The Auckland Council is causing serious environmental damage due to decisions based on dubious information. In many cases, officials won't acknowledge oversights or remedy the problems. Information is either not properly recorded, not properly collected, or not properly scrutinised.
Recently, three protected 80-year-old pecan trees in Avondale were felled. It was discovered that the council records "inadvertently" scheduled the trees on a neighbouring property.
Following the fiasco in Avondale, the Tree Council conducted an audit of the council's schedule of protected trees in the surrounding area and found that over two-thirds of entries were wrong.
Landowners often protect trees from successive owners. If the council doesn't follow the proper processes or record the information accurately, it is effectively a green light to fell protected trees before anyone else discovers the mistake.
In Snells Beach, the previous landowner of the 150-year-old Norfolk pine thought that the tree was protected, much like the other trees in the area gifted by Sir George Grey to early settlers. The landowner even carved off the land surrounding the tree to vest with the Crown as part of an esplanade reserve.
By the time he sold the land, his surveyor completed the necessary paperwork and the council had three years to take charge of the esplanade reserve. Problem is, the council didn't take charge of the land and as soon as the three years had lapsed, a developer changed a resource consent application to include the felling of the Norfolk pine.
The council didn't notify the resource consent application or the changes to it so no one knew that the tree would be felled. The developer's promotional material all showed the Norfolk pine as a feature.
The previous owner, who was now living in a house on the property, was awoken to chainsaws attacking the Norfolk pine. He discovered that the tree wasn't protected so immediately lodged an application with the council to protect it. The council said the application would take 18 months to process.
I rang around the local arborists and heritage experts. They knew the historical importance of the tree and refused to fell it. The developer, however, rang around and found arborists and heritage experts in far-flung parts of Auckland willing to fell the tree and state that the tree had no heritage value.
The "heritage experts" are the same firm used by developers in Titirangi to justify felling a healthy ancient kauri in 2015. That consent was thrown out by the Environmental Court.
For the Snells Beach Norfolk, the council accepted the evidence provided by these "experts". The council has since gone into damage control and simply hopes the problem will go away.
Elements inside the council annoyed by the pig-headedness of their bosses, tipped people off that the chainsaws would return. An arborist, protesting the tree's destruction, ascended the tree to protect it.
The local police turned up with council officials. When they thought the media had left, the police co-ordinated a plan to cut the tree down with the protester in it. While the chainsaws were cutting and axes swinging, police moved in to pull the protester out of the tree.
WorkSafe, the Independent Police Conduct Authority, and the council were alerted. WorkSafe told the media that it wasn't investigating. It told me that the matter was referred to the same police who are being investigated. I haven't heard anything from the council.
This whole situation was avoidable if the council had acted in a transparent manner.
When the development was advertised as "under way" in January, neighbours and the residents' association asked that the application be publicly notified. Instead, the council planners looked for any excuse to not notify the proposed development's resource consent application.
Under the Resource Management Act, consent authorities retain a discretion to notify applications if it would assist in achieving the purpose of the act.
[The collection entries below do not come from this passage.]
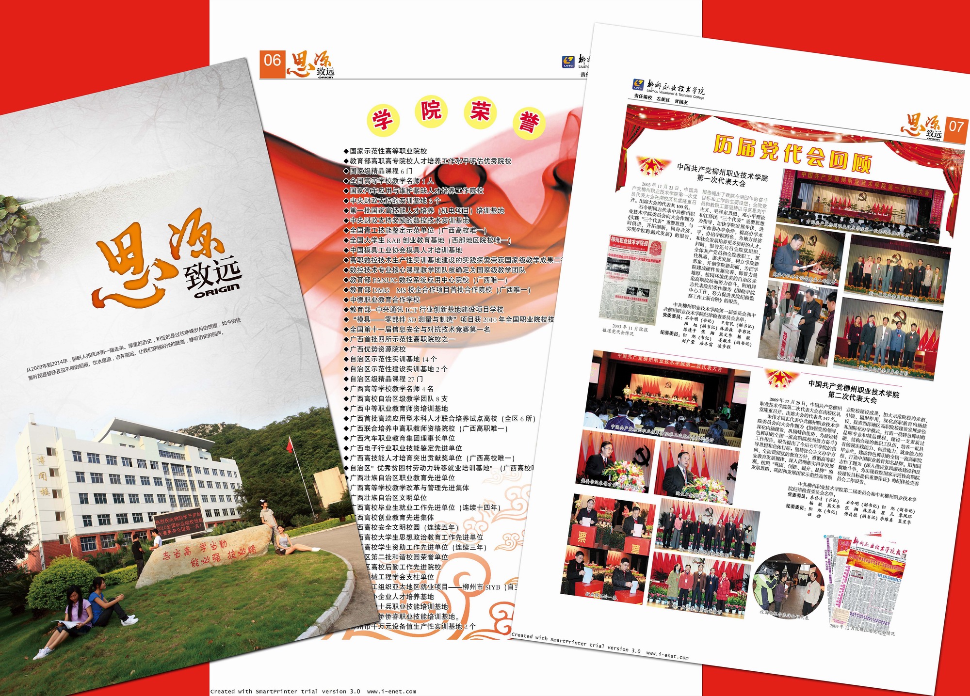 新闻网消息(记者石玉丹、左妮红 摄影 朱敬民)一本气势恢宏、设计精美还略带着些淡淡油墨香味的校报特刊,在中国共产党柳州职业技术学院第三次代表大会召开之际如约而至。全方位展示了学院5年来取得的各方面成就的48个版面,是为全院师生奉上的一次描述历史、描绘未来的视觉盛宴,更是为学院第三次党代会的召开献上的一份浓浓的厚礼!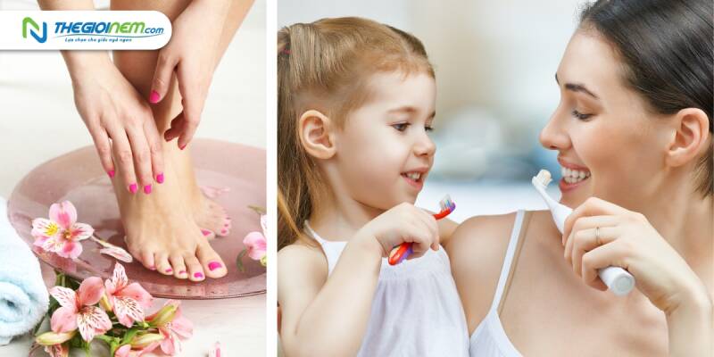 - Vệ sinh cá nhân: Cơ thể bao gồm tay chân, răng miệng, đầu tóc, … phải được vệ sinh sạch sẽ trước khi ngủ. Điều này giúp tiêu diệt các vi khuẩn và đánh bay bụi bẩn bám trên thân thể gây ô nhiễm không gian sống và ảnh hưởng trực tiếp đến sức khỏe chúng ta.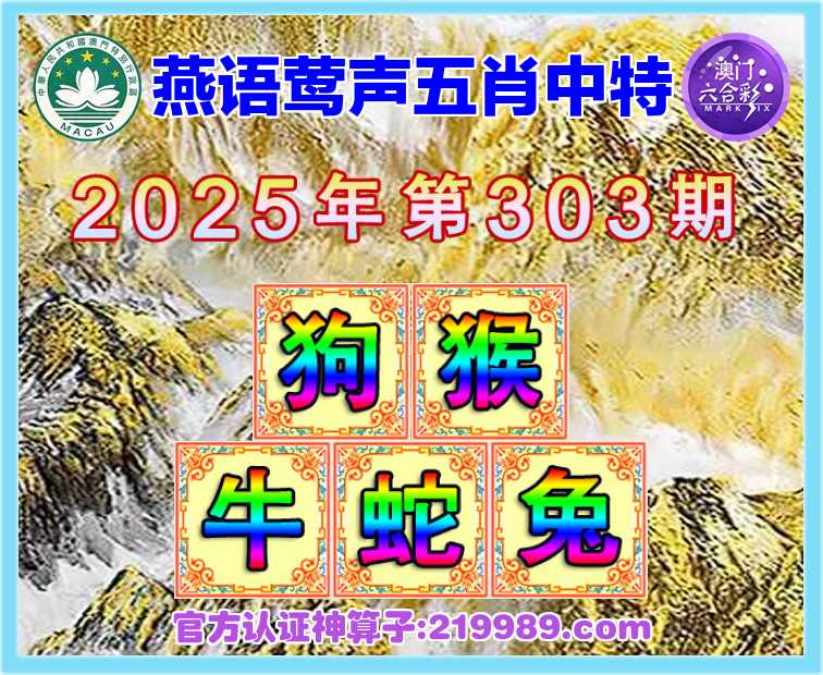 303期:【燕语莺声】 🥩五肖中特🥩【狗.猴.牛.蛇.】开:兔15

Making good decisions relies on good information. Local knowledge can protect the environment from adverse effects. It can make the process more efficient.
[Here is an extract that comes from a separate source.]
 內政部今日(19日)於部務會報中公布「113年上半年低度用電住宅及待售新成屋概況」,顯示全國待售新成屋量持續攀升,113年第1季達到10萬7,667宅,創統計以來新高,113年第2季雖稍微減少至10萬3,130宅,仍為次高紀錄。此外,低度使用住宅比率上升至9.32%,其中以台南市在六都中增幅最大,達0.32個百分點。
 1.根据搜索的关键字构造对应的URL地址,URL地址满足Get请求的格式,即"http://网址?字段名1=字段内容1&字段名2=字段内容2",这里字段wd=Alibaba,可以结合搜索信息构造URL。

Instead, the council applied the dubious "streamlining" option in force since 2009, which disregards the effects on neighbours when considering whether to notify those neighbours.
If the resource consent application was publicly notified, there is no doubt that hearings commissioners would have had the best information submitted when making a decision. Instead, we have this mess that the council has arrogantly taken the stance, "Challenge us in court. It's expensive."
Ratepayers shouldn't be bludgeoned with their own money. The Local Government Act requires councils to act in the interests of its communities as a whole, not just the vested interests of developers.
If the council messed up, admit it. If the council can't trust its own resources, say it. Then try to restore confidence by putting in place measures until this mess is sorted out.
* Grant McLachlan is an environmental and infrastructure specialist.